Cultivating Mindfulness

When you boil it all down, although there are all these different methods for cultivating mindfulness, the real method is to just be who you already are, and not trying to get anywhere. So it’s like non-striving as a part of this. Non-Judging, non-striving, what the Zen-people call, “Beginner’s mind.” But there’s nothing Buddhist about it, it’s just human, not getting caught in all of your filters of judging, liking, disliking, wanting, not wanting, but noticing how easily we are caught in all those grasping, clinging, aversion and so forth. And the noticing actually marinades something in us that, over time, begins to feel like discernment, clarity, wisdom, knowing something about how to live life with integrity. And that knowing is not from up here. It’s not merely a conceptual knowing. Of course, concepts are a part of it, if I didn’t have concepts, I wouldn’t be able to wag my tongue like this and have you understand anything.

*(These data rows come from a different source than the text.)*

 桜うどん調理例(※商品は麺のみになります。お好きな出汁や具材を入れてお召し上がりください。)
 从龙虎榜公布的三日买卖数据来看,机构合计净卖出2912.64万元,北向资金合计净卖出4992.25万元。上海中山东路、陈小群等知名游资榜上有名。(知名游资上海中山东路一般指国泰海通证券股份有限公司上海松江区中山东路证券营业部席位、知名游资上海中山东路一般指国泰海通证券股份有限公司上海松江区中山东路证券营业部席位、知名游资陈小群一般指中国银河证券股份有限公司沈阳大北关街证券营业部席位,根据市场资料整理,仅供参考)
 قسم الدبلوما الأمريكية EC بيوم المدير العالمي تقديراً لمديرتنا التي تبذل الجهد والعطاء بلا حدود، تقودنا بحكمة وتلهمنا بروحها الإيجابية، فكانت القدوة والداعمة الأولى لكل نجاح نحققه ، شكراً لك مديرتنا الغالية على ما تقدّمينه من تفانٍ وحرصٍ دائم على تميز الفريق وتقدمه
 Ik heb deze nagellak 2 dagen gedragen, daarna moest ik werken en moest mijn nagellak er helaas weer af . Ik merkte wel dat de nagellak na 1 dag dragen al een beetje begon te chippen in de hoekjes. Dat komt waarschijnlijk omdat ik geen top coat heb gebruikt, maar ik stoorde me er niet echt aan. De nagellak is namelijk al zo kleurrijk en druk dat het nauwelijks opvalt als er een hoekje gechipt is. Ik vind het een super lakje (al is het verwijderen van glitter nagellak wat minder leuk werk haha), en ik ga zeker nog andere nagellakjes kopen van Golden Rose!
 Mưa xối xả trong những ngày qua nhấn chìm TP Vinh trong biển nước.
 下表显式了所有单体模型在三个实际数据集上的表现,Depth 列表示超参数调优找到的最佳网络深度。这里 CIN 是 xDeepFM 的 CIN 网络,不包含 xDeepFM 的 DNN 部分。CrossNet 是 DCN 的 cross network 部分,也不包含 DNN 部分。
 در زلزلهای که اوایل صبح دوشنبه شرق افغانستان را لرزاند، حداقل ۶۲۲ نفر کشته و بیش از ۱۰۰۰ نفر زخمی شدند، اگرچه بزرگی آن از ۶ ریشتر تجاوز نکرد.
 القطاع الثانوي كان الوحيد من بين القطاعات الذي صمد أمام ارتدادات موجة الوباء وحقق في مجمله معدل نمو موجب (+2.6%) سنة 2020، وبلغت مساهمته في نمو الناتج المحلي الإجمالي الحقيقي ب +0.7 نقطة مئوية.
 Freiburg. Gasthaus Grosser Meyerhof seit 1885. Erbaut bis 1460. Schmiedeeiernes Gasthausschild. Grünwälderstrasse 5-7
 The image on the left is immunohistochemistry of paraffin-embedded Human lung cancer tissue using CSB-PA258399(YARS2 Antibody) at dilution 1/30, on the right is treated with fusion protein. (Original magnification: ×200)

So thought is not unappreciated here, but it’s not the be-all and end-all of anything. We’ve got thinking, which we get tremendous training in in school. And sometimes we think so much, we can’t even get to sleep at night because it can be torment, all of our thoughts about this and that. And on the other hand, a quality that’s also native to us, deep human capacity, navigates any kind of airtime or training in our educational process, until very recently, now that mindfulness is moving in many ways into primary and secondary schools and education is awareness itself. And awareness is at least as powerful as thinking, because think any thought you like even the infinite nature of the universe, so the multi-verse, and that thought, however big it is, can be held by awareness. So it can be held in awareness, and therefore you could even see next steps in where that thought might lead one, which is into the unknown. So the knowing is one quality of awareness, and the knowing the not knowing is another quality of awareness. Being aware of what it is that we do not know, and learning how to actually be comfortable in the not knowing, that’s its own kind of knowing. And mindfulness is all of that.

Loving Life

So in a way, ultimately, I’ve come to see mindfulness as a love affair with life, with the present moment, with all sorts of hidden dimensions of our own human experience. The cosmologists love to talk about hidden dimensions, in terms of the universe not being four dimensional, but maybe 11 dimensional. And a lot of those dimensions didn’t unfurl at the infinitesimally small moment or right after The Big Bang or something like that. But if they can talk like that, then maybe we can also recognize that there are a lot of hidden dimensions to our own humanity. One of which is we’re almost never here for it. Because we’re so agenda driven that we’re always on the way to some better moment or pushing away what we don’t like and completely off balance. And yet, the only moment we are ever alive is this one. So the present moment is a hidden dimension, unless we reclaim it and learn how to inhabit it. And that’s what mindfulness is all about. And there are an number of ways to do it. It’s not like one-size-fits-all or there’s one right way and all the other ways are misinformed and wrong. On the other hand, there are an infinite number of wrong ways to cultivate it where it’s really just more perseverating, more thinking, more proliferating of thoughts. And you can do an awful lot of thinking about mindfulness without cultivating mindfulness at all, you’re just thinking. It is an art form, and a love affair in some way with life in ways that are very subtle and profoundly satisfying.